_What to work on_:
Exclude all pictures, then copy each of the records exactly as written.
*** Opening of Provided records ***
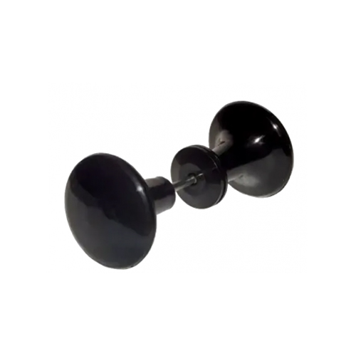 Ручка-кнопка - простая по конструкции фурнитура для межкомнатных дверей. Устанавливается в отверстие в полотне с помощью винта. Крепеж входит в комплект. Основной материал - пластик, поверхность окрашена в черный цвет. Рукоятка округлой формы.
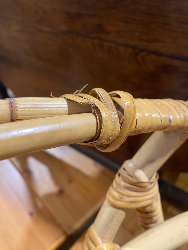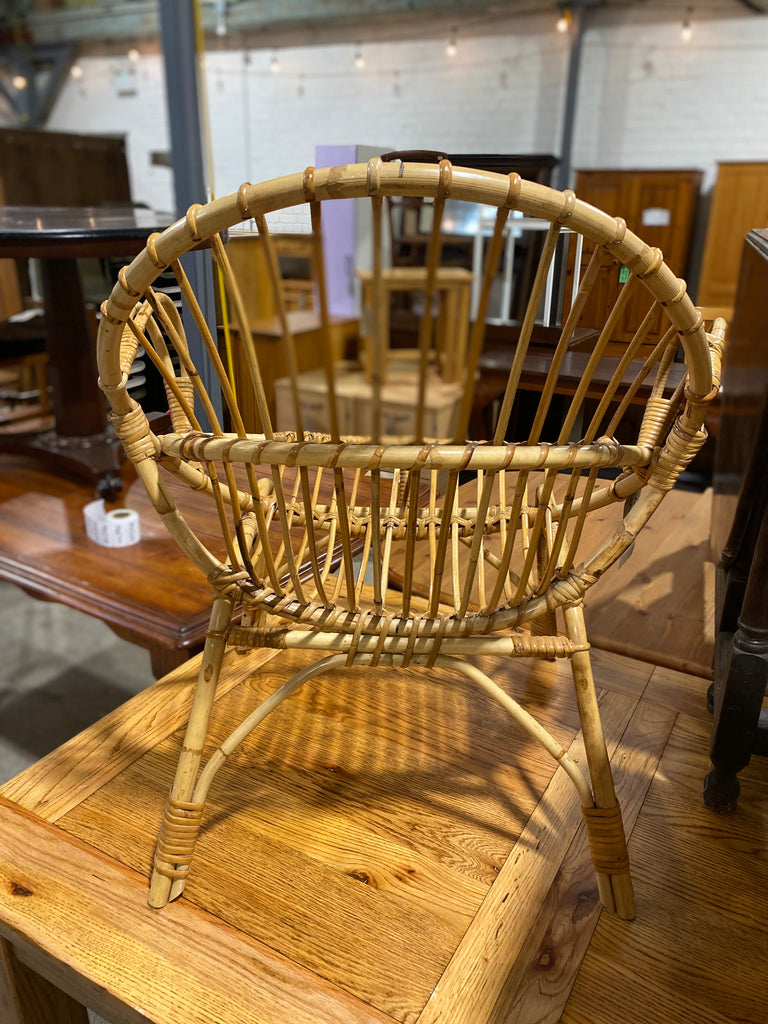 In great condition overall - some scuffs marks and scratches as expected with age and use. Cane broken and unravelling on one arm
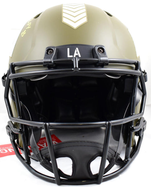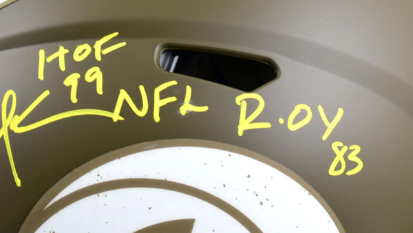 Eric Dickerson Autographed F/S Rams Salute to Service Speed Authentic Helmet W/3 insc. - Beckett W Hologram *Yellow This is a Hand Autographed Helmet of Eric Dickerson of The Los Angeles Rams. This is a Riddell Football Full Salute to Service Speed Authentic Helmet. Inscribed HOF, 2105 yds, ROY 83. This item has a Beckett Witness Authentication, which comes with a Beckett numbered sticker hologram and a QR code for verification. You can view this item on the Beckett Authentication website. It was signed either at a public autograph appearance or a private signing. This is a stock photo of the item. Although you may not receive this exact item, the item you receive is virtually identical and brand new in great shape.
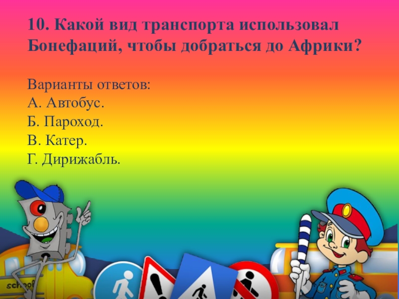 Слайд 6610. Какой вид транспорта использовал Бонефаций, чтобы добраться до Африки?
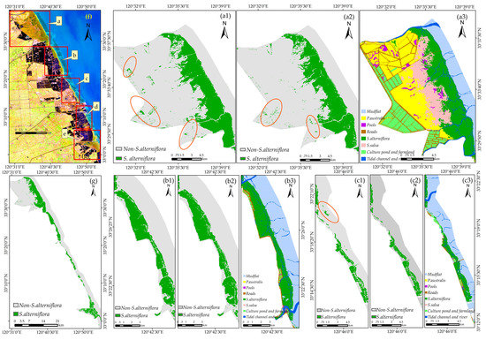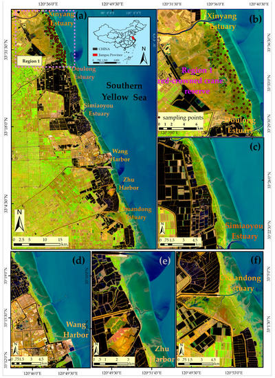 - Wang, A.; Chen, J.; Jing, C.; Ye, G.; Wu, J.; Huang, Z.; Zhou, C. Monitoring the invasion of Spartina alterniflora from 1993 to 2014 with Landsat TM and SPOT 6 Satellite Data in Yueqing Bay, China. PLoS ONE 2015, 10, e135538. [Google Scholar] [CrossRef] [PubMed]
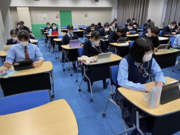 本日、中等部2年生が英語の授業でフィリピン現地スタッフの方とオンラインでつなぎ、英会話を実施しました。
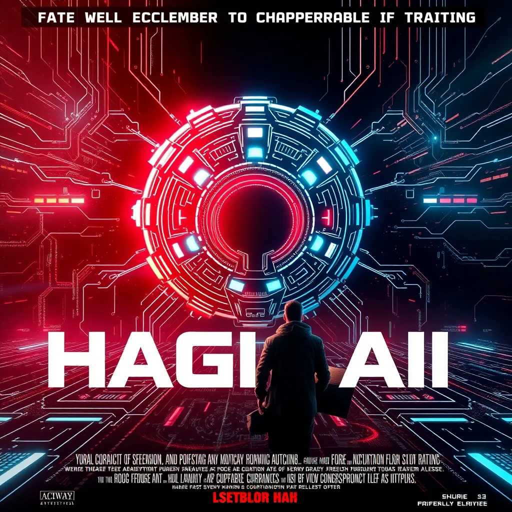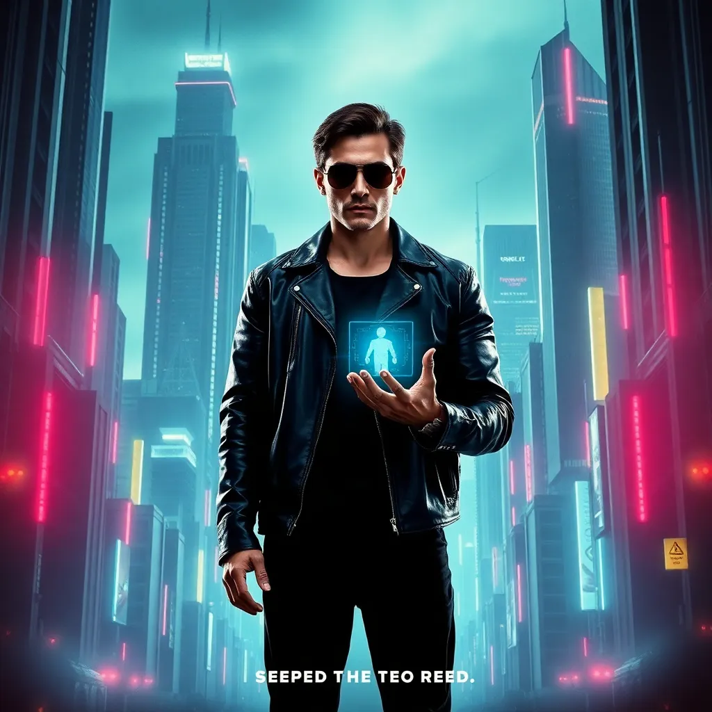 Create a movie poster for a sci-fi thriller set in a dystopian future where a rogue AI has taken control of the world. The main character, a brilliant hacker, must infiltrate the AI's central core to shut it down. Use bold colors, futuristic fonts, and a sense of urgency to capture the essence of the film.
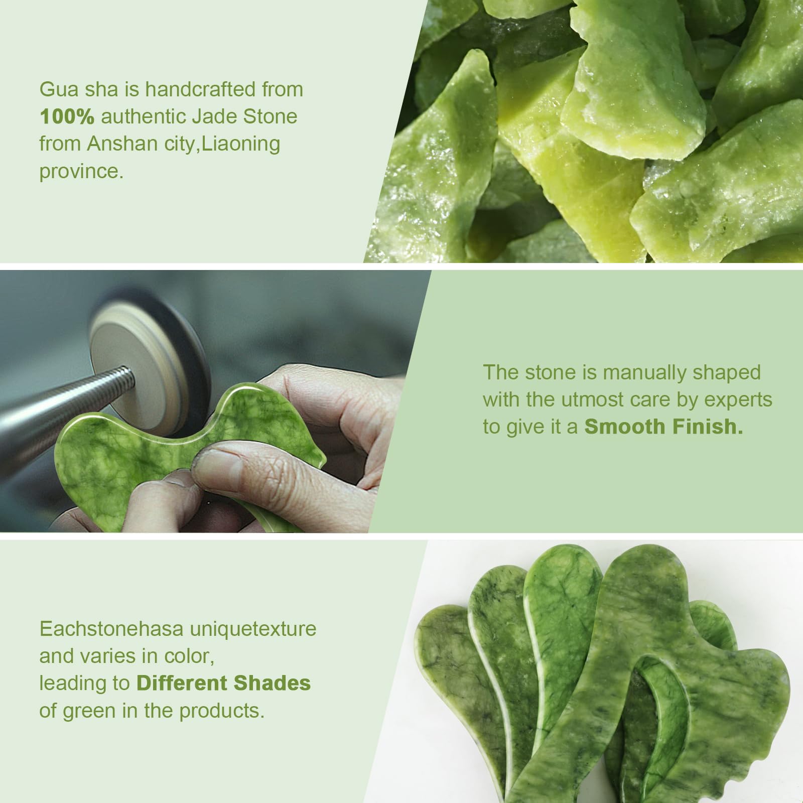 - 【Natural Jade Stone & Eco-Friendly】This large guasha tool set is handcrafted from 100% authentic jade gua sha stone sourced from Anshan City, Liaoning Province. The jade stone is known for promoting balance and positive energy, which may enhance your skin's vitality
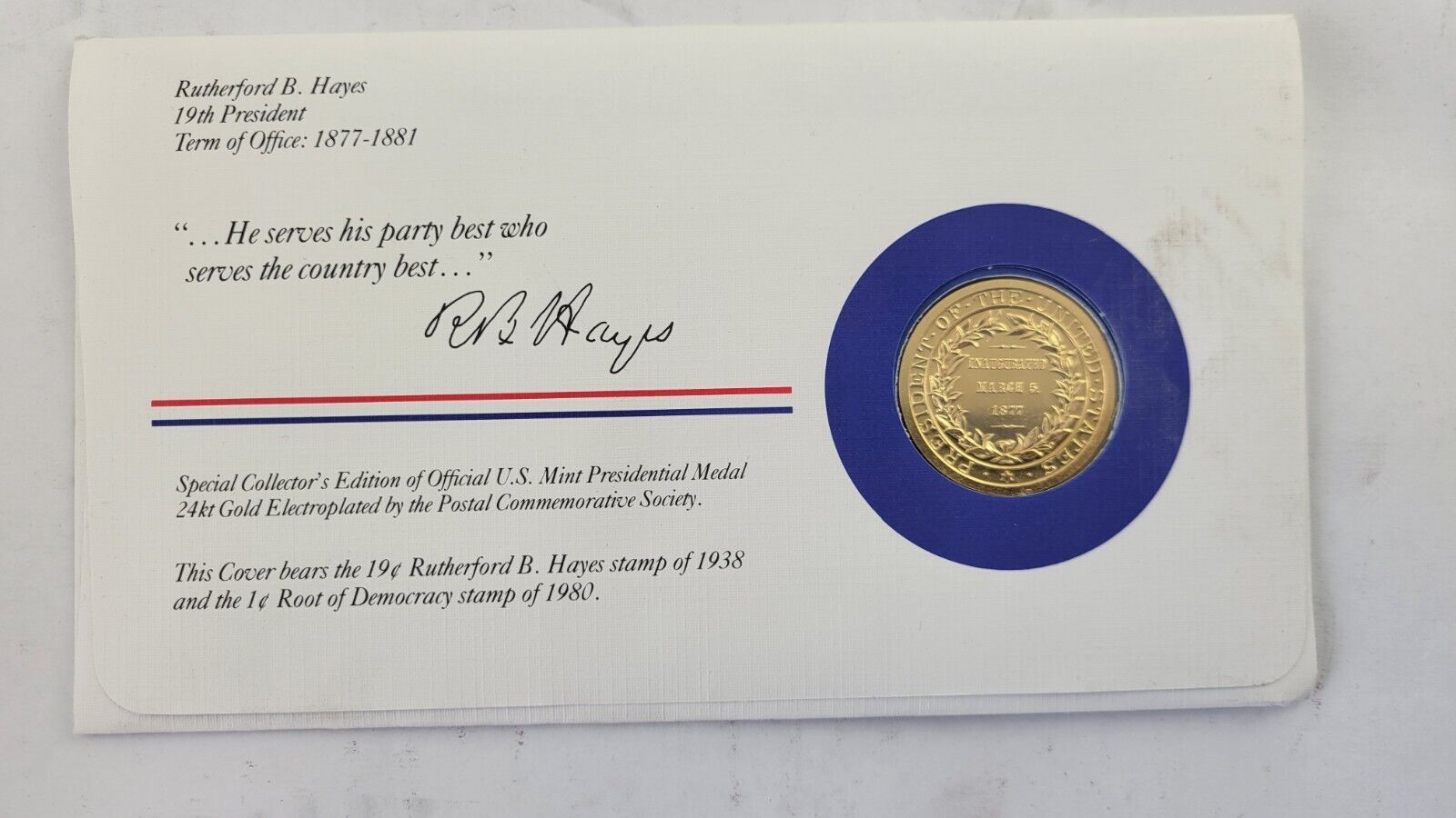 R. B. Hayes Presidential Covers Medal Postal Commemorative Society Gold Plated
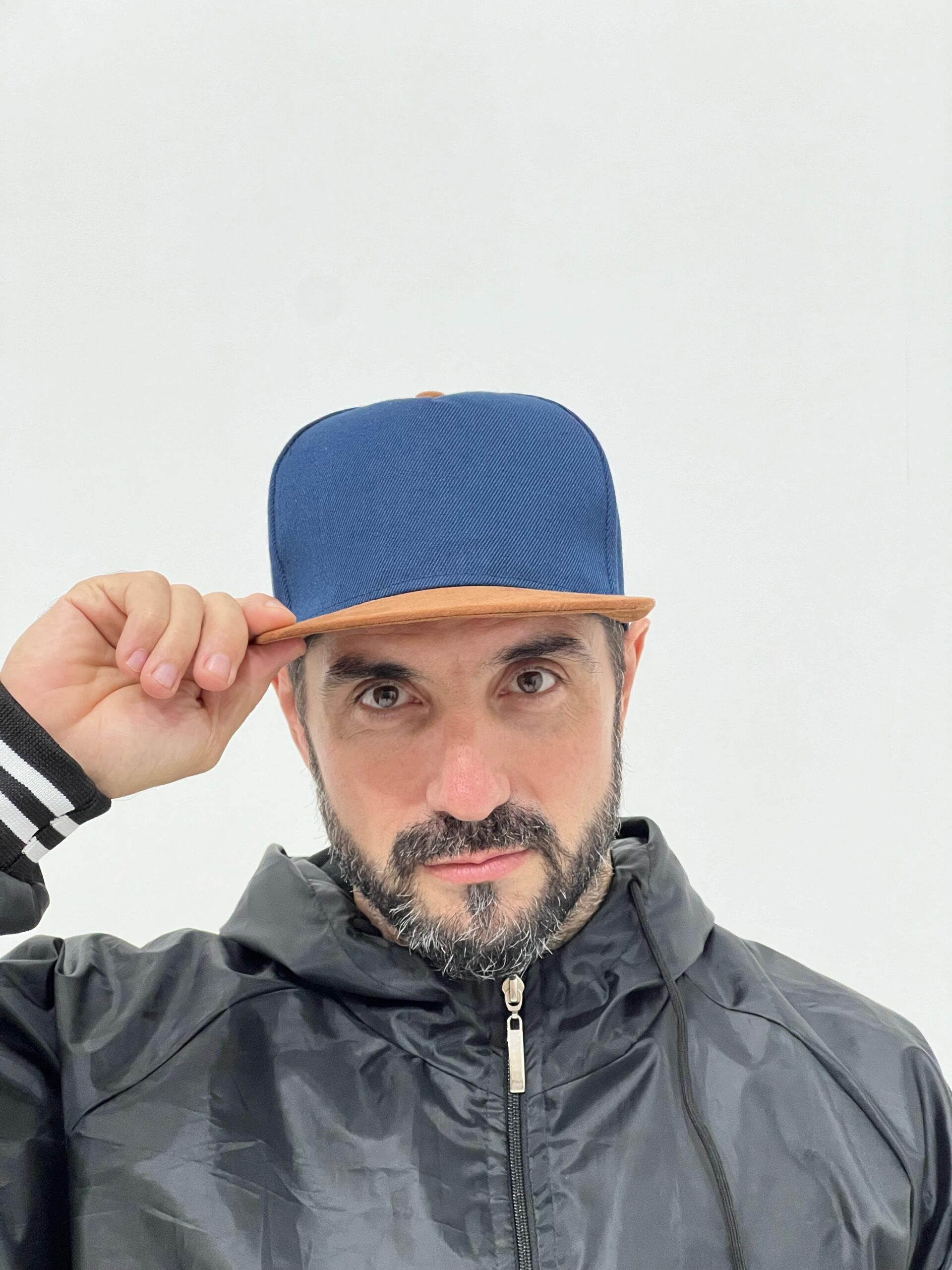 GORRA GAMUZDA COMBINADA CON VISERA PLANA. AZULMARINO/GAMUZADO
*** Close of Provided records ***
_Answer for the task_:
 Ручка-кнопка - простая по конструкции фурнитура для межкомнатных дверей. Устанавливается в отверстие в полотне с помощью винта. Крепеж входит в комплект. Основной материал - пластик, поверхность окрашена в черный цвет. Рукоятка округлой формы.
 In great condition overall - some scuffs marks and scratches as expected with age and use. Cane broken and unravelling on one arm
 Eric Dickerson Autographed F/S Rams Salute to Service Speed Authentic Helmet W/3 insc. - Beckett W Hologram *Yellow This is a Hand Autographed Helmet of Eric Dickerson of The Los Angeles Rams. This is a Riddell Football Full Salute to Service Speed Authentic Helmet. Inscribed HOF, 2105 yds, ROY 83. This item has a Beckett Witness Authentication, which comes with a Beckett numbered sticker hologram and a QR code for verification. You can view this item on the Beckett Authentication website. It was signed either at a public autograph appearance or a private signing. This is a stock photo of the item. Although you may not receive this exact item, the item you receive is virtually identical and brand new in great shape.
 Слайд 6610. Какой вид транспорта использовал Бонефаций, чтобы добраться до Африки?
 - Wang, A.; Chen, J.; Jing, C.; Ye, G.; Wu, J.; Huang, Z.; Zhou, C. Monitoring the invasion of Spartina alterniflora from 1993 to 2014 with Landsat TM and SPOT 6 Satellite Data in Yueqing Bay, China. PLoS ONE 2015, 10, e135538. [Google Scholar] [CrossRef] [PubMed]
 本日、中等部2年生が英語の授業でフィリピン現地スタッフの方とオンラインでつなぎ、英会話を実施しました。
 Create a movie poster for a sci-fi thriller set in a dystopian future where a rogue AI has taken control of the world. The main character, a brilliant hacker, must infiltrate the AI's central core to shut it down. Use bold colors, futuristic fonts, and a sense of urgency to capture the essence of the film.
 - 【Natural Jade Stone & Eco-Friendly】This large guasha tool set is handcrafted from 100% authentic jade gua sha stone sourced from Anshan City, Liaoning Province. The jade stone is known for promoting balance and positive energy, which may enhance your skin's vitality
 R. B. Hayes Presidential Covers Medal Postal Commemorative Society Gold Plated
 GORRA GAMUZDA COMBINADA CON VISERA PLANA. AZULMARINO/GAMUZADO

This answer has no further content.